**** DATASET EXCERPTS
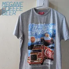 - デザイン: グレーの長袖Tシャツ、コカ・コーラのロゴとグラスのプリント
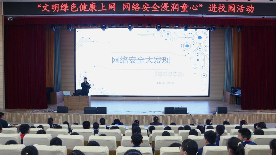 3月29日上午,计算机学院前往渭南市第一小学开展“文明绿色健康上网 网络安全浸润童心”进校园活动。计算机学院党总支副书记张俊娜,网络信息安全协会指导老师葛莉,学院团委书记于樾,学院团委副书记王咿卜参加本次活动。
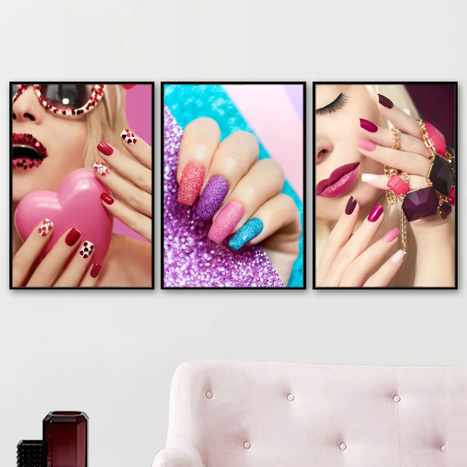 Модный Красочный маникюрный салон, настенная Картина на холсте, ска...
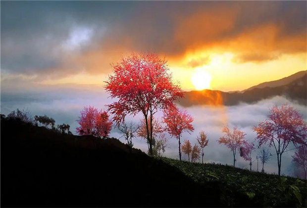 正值呵氣成霜的季節(jié),其它地方早已葉落歸根,滿目枯藤,可無(wú)量山櫻花谷中的冬櫻卻無(wú)視料峭寒風(fēng),開(kāi)了個(gè)滿山櫻紅,遙遙望去,仿若霞光從天垂落,熠熠生輝。
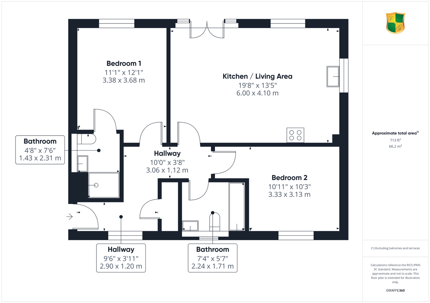 Courtney Green are pleased to offer for sale this modern and stylish first-floor flat situated on the popular and sought-after Kilnwood Vale development built by Messers Crest Nicholson to the highest of standards. The light and airy accommodation comprises a long hallway with built in cupboards, opening to a spacious open plan kitchen/living room with French doors to a Juliet balcony, a principal bedroom with built in wardrobes and luxury en-suite, a second double bedroom and modern fitted guest bathroom. Bricklayer Lane is tucked away along a quiet road and only a stone's throw away from a lake and stunning country walks. Adjacent to the apartment is a parking forecourt where there are two allocated parking spaces as well as visitors bays. The property benefits from a modern gas-fired heating system to radiators and is fully double glazed and the property is offered for sale with the benefit of no forward chain.
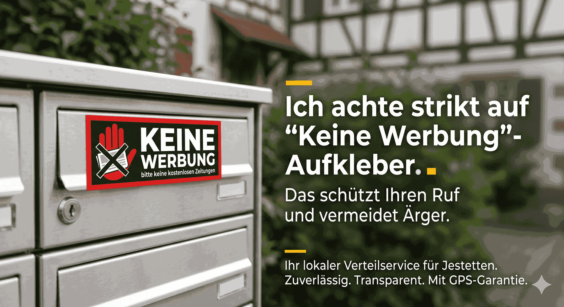 Wir legen großen Wert auf Qualität i Zuverlässigkeit. Unsere Zustellung erfolgt diskret und ordentlich – alle Flyer werden vollständig in die Briefkästen eingeworfen, um sie vor Witterungseinflüssen zu schützen. Als Nachweis unserer Arbeit erhalten Sie auf Wunsch eine Fotodokumentation oder ein GPS-Protokoll der Verteilung.
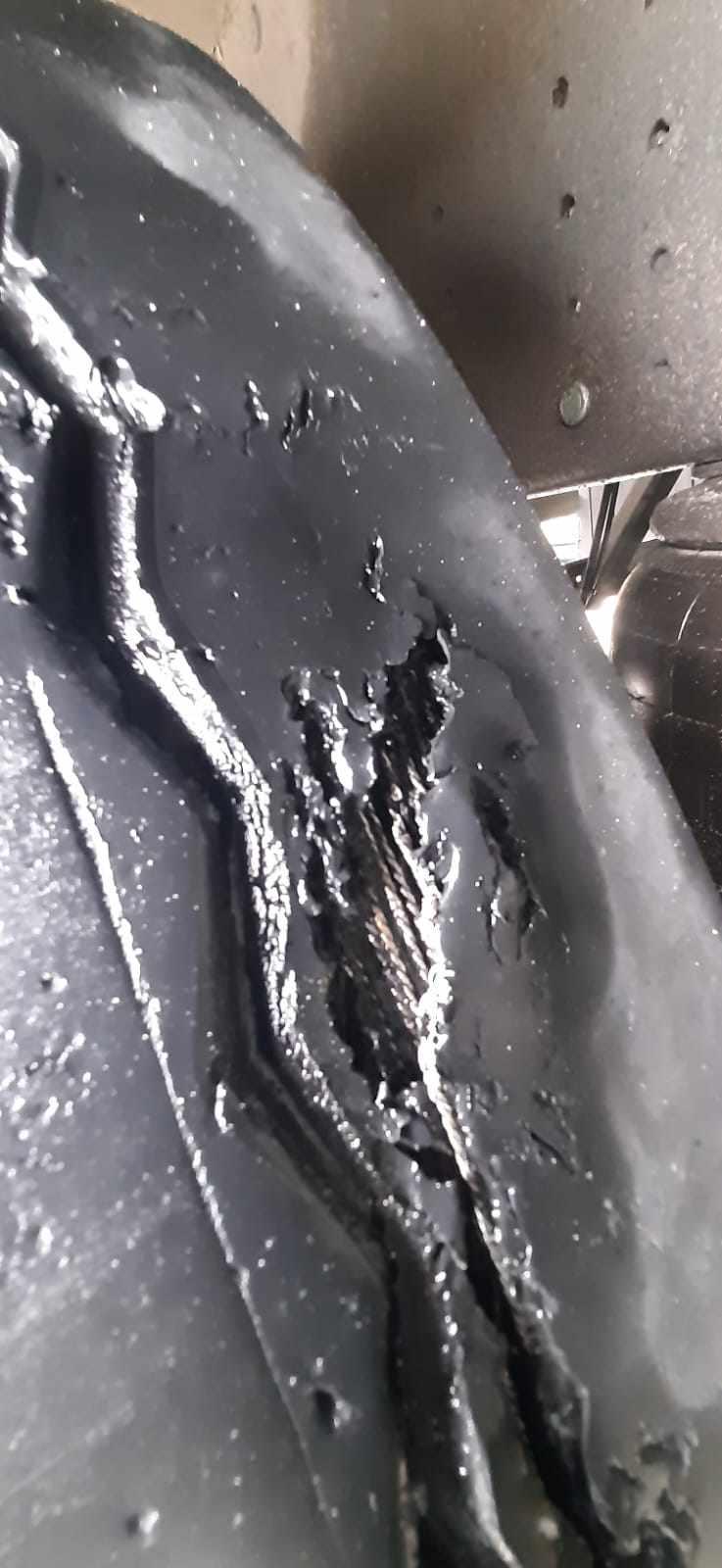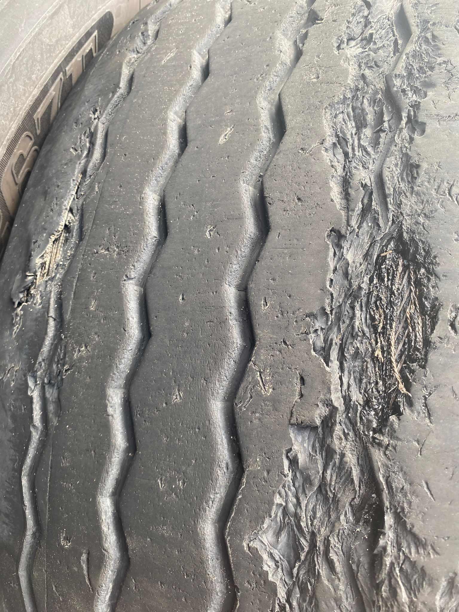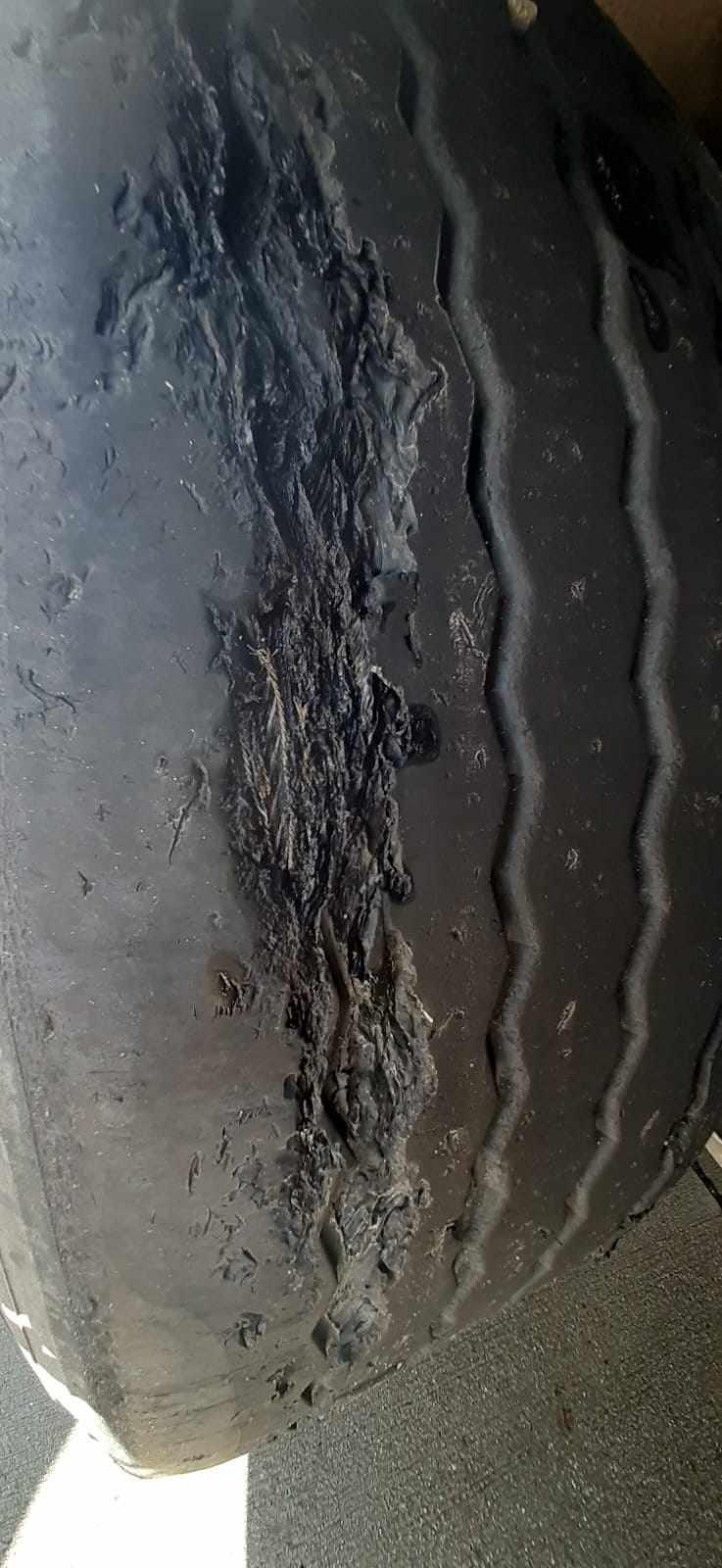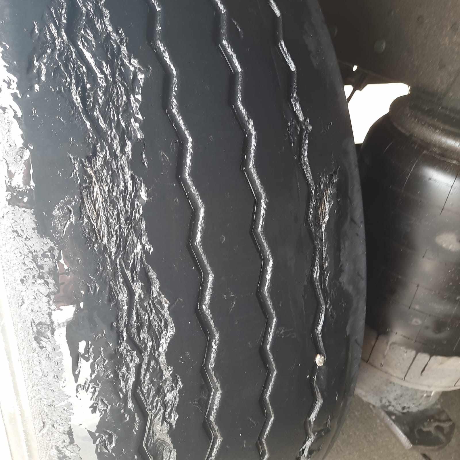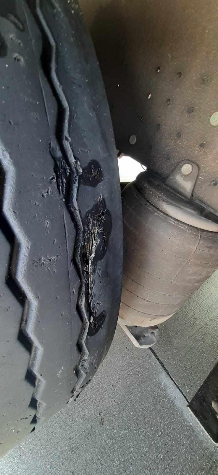 Kontrola stanu technicznego wykazała bardzo zły stan ogumienia naczepy. Opony na lewym i prawym kole pierwszej osi miały duże ubytki, odsłaniające stalowe opasanie. Uszkodzone opony groziły wystrzałem podczas jazdy. Stwierdzona usterka zagrażała bezpieczeństwu w ruchu drogowym.
********
**INSTRUCTIONS FOR THE TASK**. In the records above, find the line with "Модный Красочный маникюрный". Print exactly from there through the line with "Courtney Green are", minus the pictures.

**RESULT OF THE EXERCISE**.
 Модный Красочный маникюрный салон, настенная Картина на холсте, ска...
 正值呵氣成霜的季節(jié),其它地方早已葉落歸根,滿目枯藤,可無(wú)量山櫻花谷中的冬櫻卻無(wú)視料峭寒風(fēng),開(kāi)了個(gè)滿山櫻紅,遙遙望去,仿若霞光從天垂落,熠熠生輝。
 Courtney Green are pleased to offer for sale this modern and stylish first-floor flat situated on the popular and sought-after Kilnwood Vale development built by Messers Crest Nicholson to the highest of standards. The light and airy accommodation comprises a long hallway with built in cupboards, opening to a spacious open plan kitchen/living room with French doors to a Juliet balcony, a principal bedroom with built in wardrobes and luxury en-suite, a second double bedroom and modern fitted guest bathroom. Bricklayer Lane is tucked away along a quiet road and only a stone's throw away from a lake and stunning country walks. Adjacent to the apartment is a parking forecourt where there are two allocated parking spaces as well as visitors bays. The property benefits from a modern gas-fired heating system to radiators and is fully double glazed and the property is offered for sale with the benefit of no forward chain.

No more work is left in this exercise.